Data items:
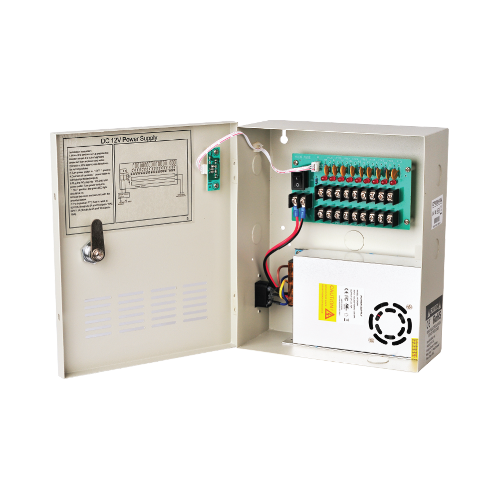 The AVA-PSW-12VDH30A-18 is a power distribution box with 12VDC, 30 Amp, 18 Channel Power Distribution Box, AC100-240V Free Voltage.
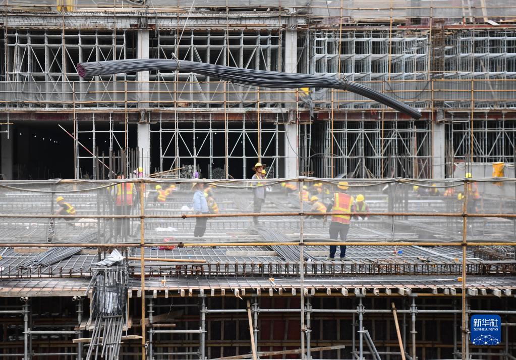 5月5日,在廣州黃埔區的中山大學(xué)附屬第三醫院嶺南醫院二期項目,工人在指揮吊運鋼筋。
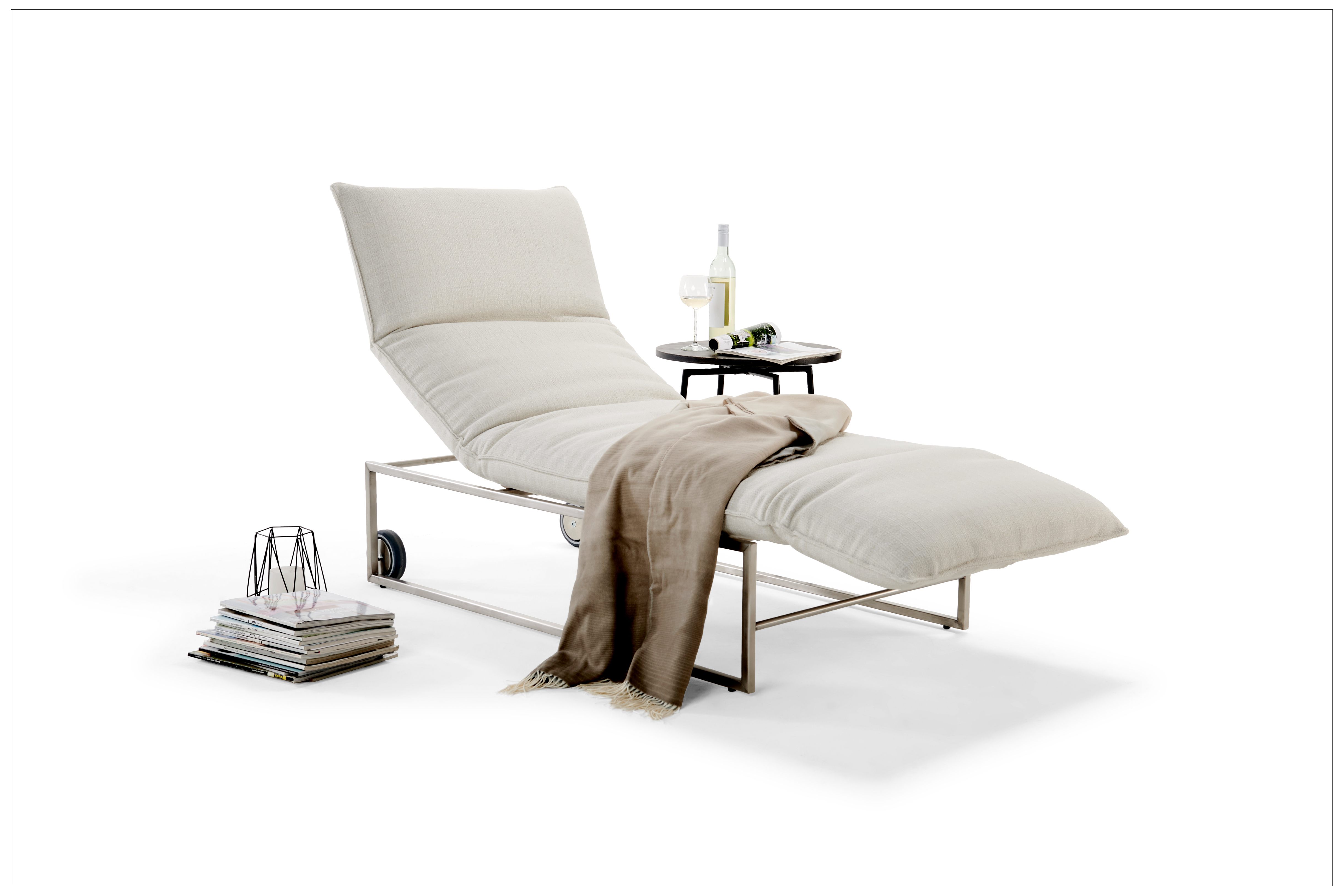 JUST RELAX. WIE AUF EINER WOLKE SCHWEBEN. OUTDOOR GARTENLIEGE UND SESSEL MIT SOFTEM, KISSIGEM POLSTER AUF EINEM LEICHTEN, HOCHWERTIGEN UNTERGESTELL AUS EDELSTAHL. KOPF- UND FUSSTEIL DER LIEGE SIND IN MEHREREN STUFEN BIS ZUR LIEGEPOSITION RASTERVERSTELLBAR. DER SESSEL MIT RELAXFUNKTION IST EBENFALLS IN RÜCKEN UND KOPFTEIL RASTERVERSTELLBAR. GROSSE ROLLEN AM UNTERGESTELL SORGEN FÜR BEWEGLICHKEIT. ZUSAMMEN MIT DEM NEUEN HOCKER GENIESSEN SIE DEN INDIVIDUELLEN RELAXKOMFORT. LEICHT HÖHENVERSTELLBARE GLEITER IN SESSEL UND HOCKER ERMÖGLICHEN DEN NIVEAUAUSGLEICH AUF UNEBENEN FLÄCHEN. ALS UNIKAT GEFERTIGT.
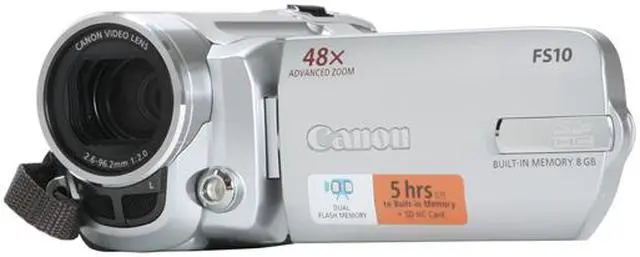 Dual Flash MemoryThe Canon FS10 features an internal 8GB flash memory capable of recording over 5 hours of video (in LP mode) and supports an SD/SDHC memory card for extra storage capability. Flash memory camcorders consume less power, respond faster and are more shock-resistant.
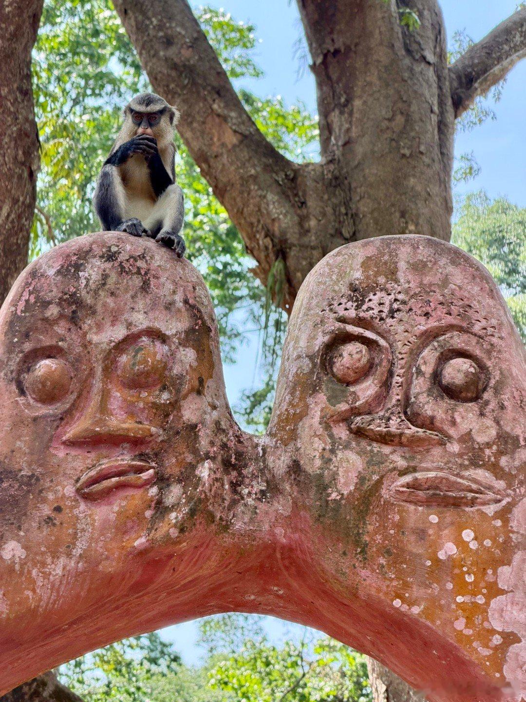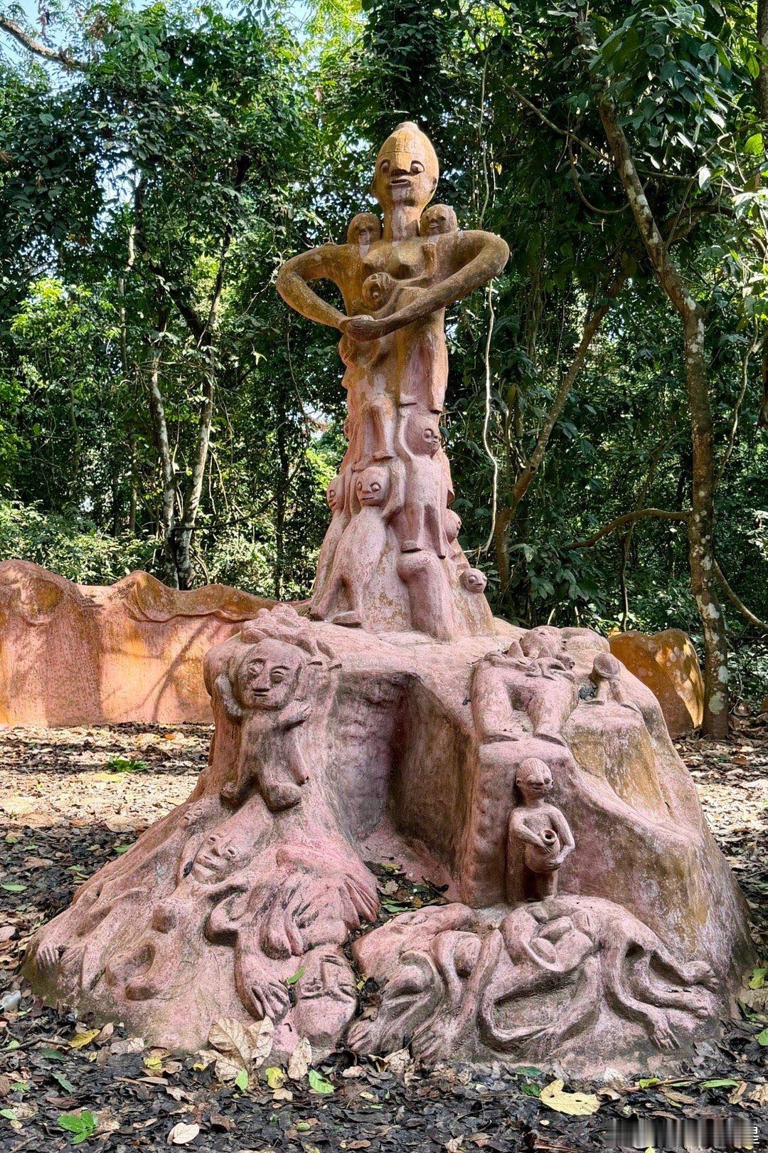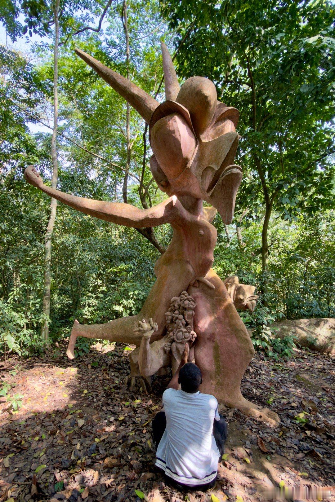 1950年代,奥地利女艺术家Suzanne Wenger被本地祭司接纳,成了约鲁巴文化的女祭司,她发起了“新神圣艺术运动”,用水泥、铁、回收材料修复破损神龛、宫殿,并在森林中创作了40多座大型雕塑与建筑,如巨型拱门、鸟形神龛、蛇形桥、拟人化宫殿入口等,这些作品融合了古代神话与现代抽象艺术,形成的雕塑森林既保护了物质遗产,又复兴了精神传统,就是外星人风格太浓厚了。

Work request:
Every entry above needs to be duplicated precisely, and none of the pictures should appear.

Written response:
 The AVA-PSW-12VDH30A-18 is a power distribution box with 12VDC, 30 Amp, 18 Channel Power Distribution Box, AC100-240V Free Voltage.
 5月5日,在廣州黃埔區的中山大學(xué)附屬第三醫院嶺南醫院二期項目,工人在指揮吊運鋼筋。
 JUST RELAX. WIE AUF EINER WOLKE SCHWEBEN. OUTDOOR GARTENLIEGE UND SESSEL MIT SOFTEM, KISSIGEM POLSTER AUF EINEM LEICHTEN, HOCHWERTIGEN UNTERGESTELL AUS EDELSTAHL. KOPF- UND FUSSTEIL DER LIEGE SIND IN MEHREREN STUFEN BIS ZUR LIEGEPOSITION RASTERVERSTELLBAR. DER SESSEL MIT RELAXFUNKTION IST EBENFALLS IN RÜCKEN UND KOPFTEIL RASTERVERSTELLBAR. GROSSE ROLLEN AM UNTERGESTELL SORGEN FÜR BEWEGLICHKEIT. ZUSAMMEN MIT DEM NEUEN HOCKER GENIESSEN SIE DEN INDIVIDUELLEN RELAXKOMFORT. LEICHT HÖHENVERSTELLBARE GLEITER IN SESSEL UND HOCKER ERMÖGLICHEN DEN NIVEAUAUSGLEICH AUF UNEBENEN FLÄCHEN. ALS UNIKAT GEFERTIGT.
 Dual Flash MemoryThe Canon FS10 features an internal 8GB flash memory capable of recording over 5 hours of video (in LP mode) and supports an SD/SDHC memory card for extra storage capability. Flash memory camcorders consume less power, respond faster and are more shock-resistant.
 1950年代,奥地利女艺术家Suzanne Wenger被本地祭司接纳,成了约鲁巴文化的女祭司,她发起了“新神圣艺术运动”,用水泥、铁、回收材料修复破损神龛、宫殿,并在森林中创作了40多座大型雕塑与建筑,如巨型拱门、鸟形神龛、蛇形桥、拟人化宫殿入口等,这些作品融合了古代神话与现代抽象艺术,形成的雕塑森林既保护了物质遗产,又复兴了精神传统,就是外星人风格太浓厚了。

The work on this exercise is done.